| AVS 54th International Symposium | |
| Surface Science | Friday Sessions |
| Session SS1-FrM |
| Session: | Surface Dynamics |
| Presenter: | K. Mitchell, University of British Columbia, Canada |
| Authors: | K. Mitchell, University of British Columbia, Canada A. Yazdi, University of British Columbia, Canada N. Ingle, University of British Columbia, Canada T. Tiedje, University of British Columbia, Canada |
| Correspondent: | Click to Email |
Under bombardment by a rastered 30keV Ga+ ion beam, a flat epitaxially grown Au surface is found to exhibit the well known sputter ripple instability as first observed by Bradley and Harper.1 These ripples exhibit a characteristic lateral length scale on the order of 100nm and a short-range RMS saturation height on the order of 10nm after receiving a fluence of approximately 1500 ions/nm2. The starting surface is grown under UHV at 350°C on a freshly cleaved mica substrate resulting in a 0.5µm film with flat areas up to 8µm2 having an RMS roughness of 0.5nm. Accurate topography data are gathered using ex situ AFM on areas exposed to increasing ion fluence to track the increase in roughness associated with the pattern formation, while in situ SEM imaging is used to observe the dynamics before and after the ripples have formed.

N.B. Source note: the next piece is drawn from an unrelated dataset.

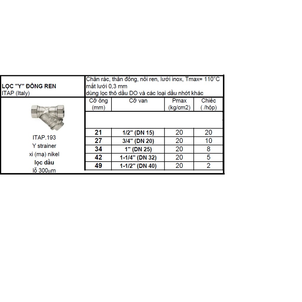 Giới thiệu Lọc Y đồng ren mạ niken Italy art.193 phi 21 phi 27
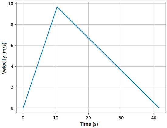 The resulting travel time is the value of the last element of the simulation time list. The robot speeds list contains the velocity profile for the given path. In Figure 12 can be seen an example of a velocity profile, in which can be easily recognized the parts of acceleration, constant speed, and deceleration.

These experimental data are compared to 2D numerical solutions of a non-linear partial differential equation which captures the essential features of height saturation, characteristic length scale and parabolic ripple shape. A state of the art fourth-order "exponential time differencing" method as perfected by Kassam and Trefethen2 is used to advance the solution in time while high accuracy spectral methods are used to compute spatial derivatives. The equation is similar to the chaotic Kuramoto-Sivashinsky equation, but with an additional higher order non-linear term as derived by Castro and Cuerno.3 Like the Kuramoto-Sivashinsky equation, linear terms of competing stability set the initial characteristic length and growth rate, while the non-linear terms are responsible for the height saturation and the surface shape. The additional non-linear term causes an increase in the characteristic time, length and height scales after saturation has occurred. By adjusting the strength of the new non-linear term, the solutions can be tuned to match the morphology of the experimentally observed surface. The resulting equation parameters are then able to give information about the physical constants involved in the experiment.
1 Bradley, Harper, J. Vac. Sci. Technol. A 6,2390 (1988)
2 Kassam, Trefethen, SIAM J. Sci. Comp. 26, 1214 (2006)
3 Castro, Cuerno Phys. Rev. Lett. 94, 016102 (2005)